■ Excerpted data
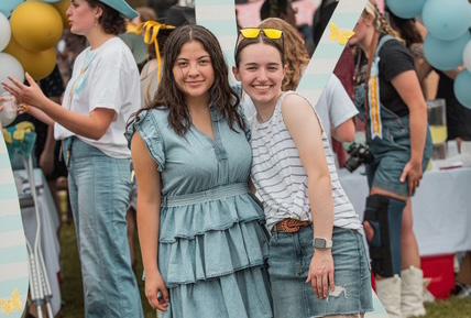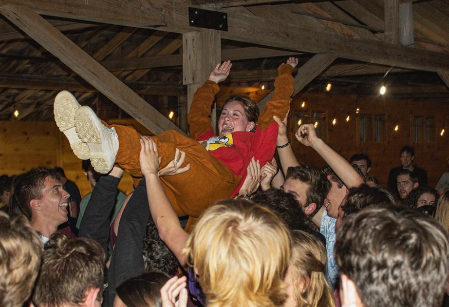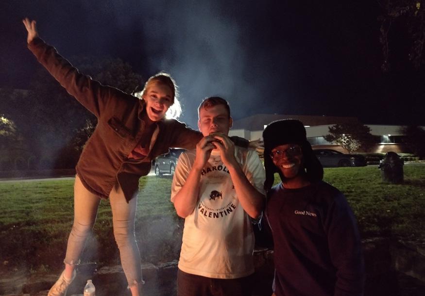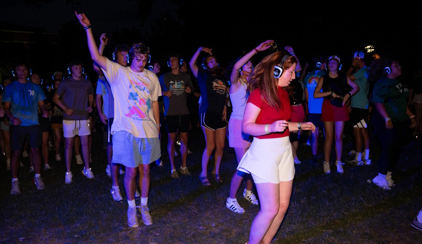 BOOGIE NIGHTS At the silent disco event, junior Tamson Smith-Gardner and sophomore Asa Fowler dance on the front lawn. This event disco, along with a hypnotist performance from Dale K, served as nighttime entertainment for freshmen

---

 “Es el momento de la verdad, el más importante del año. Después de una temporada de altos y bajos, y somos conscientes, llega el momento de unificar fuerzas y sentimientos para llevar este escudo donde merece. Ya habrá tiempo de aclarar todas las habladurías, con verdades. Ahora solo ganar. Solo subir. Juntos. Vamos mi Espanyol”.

--

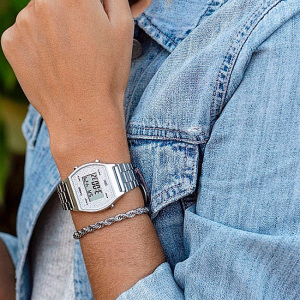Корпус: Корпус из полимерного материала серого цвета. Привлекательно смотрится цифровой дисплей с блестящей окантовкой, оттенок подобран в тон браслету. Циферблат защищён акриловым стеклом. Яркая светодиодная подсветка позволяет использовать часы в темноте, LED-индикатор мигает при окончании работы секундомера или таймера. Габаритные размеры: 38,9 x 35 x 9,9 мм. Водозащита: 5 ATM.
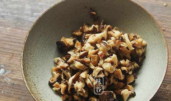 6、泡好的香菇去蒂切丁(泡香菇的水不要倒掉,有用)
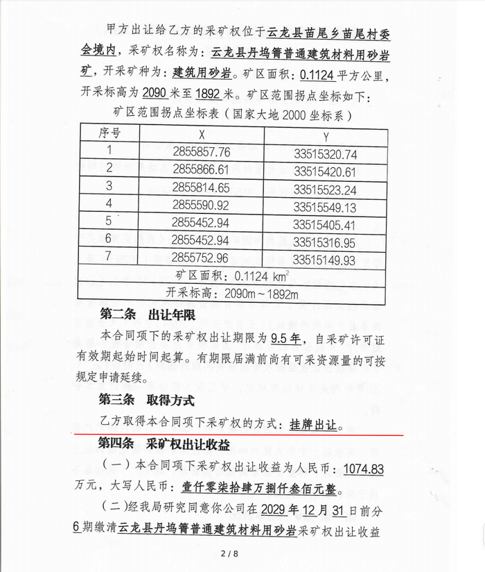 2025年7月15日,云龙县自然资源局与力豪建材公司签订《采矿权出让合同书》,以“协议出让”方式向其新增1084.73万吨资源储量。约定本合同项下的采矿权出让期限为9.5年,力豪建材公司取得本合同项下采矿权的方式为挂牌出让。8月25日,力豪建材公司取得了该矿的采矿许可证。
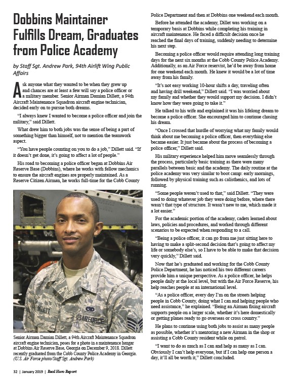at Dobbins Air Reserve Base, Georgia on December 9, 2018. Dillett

■ Task objective
Beginning with the line above that has "6、泡好的香菇去蒂切丁(泡香菇的水不要倒掉,有用)" and going on through the line that has "at Dobbins Air", retype every line exactly and add nothing else; drop the pictures.

■ Exercise answer
 6、泡好的香菇去蒂切丁(泡香菇的水不要倒掉,有用)
 2025年7月15日,云龙县自然资源局与力豪建材公司签订《采矿权出让合同书》,以“协议出让”方式向其新增1084.73万吨资源储量。约定本合同项下的采矿权出让期限为9.5年,力豪建材公司取得本合同项下采矿权的方式为挂牌出让。8月25日,力豪建材公司取得了该矿的采矿许可证。
at Dobbins Air Reserve Base, Georgia on December 9, 2018. Dillett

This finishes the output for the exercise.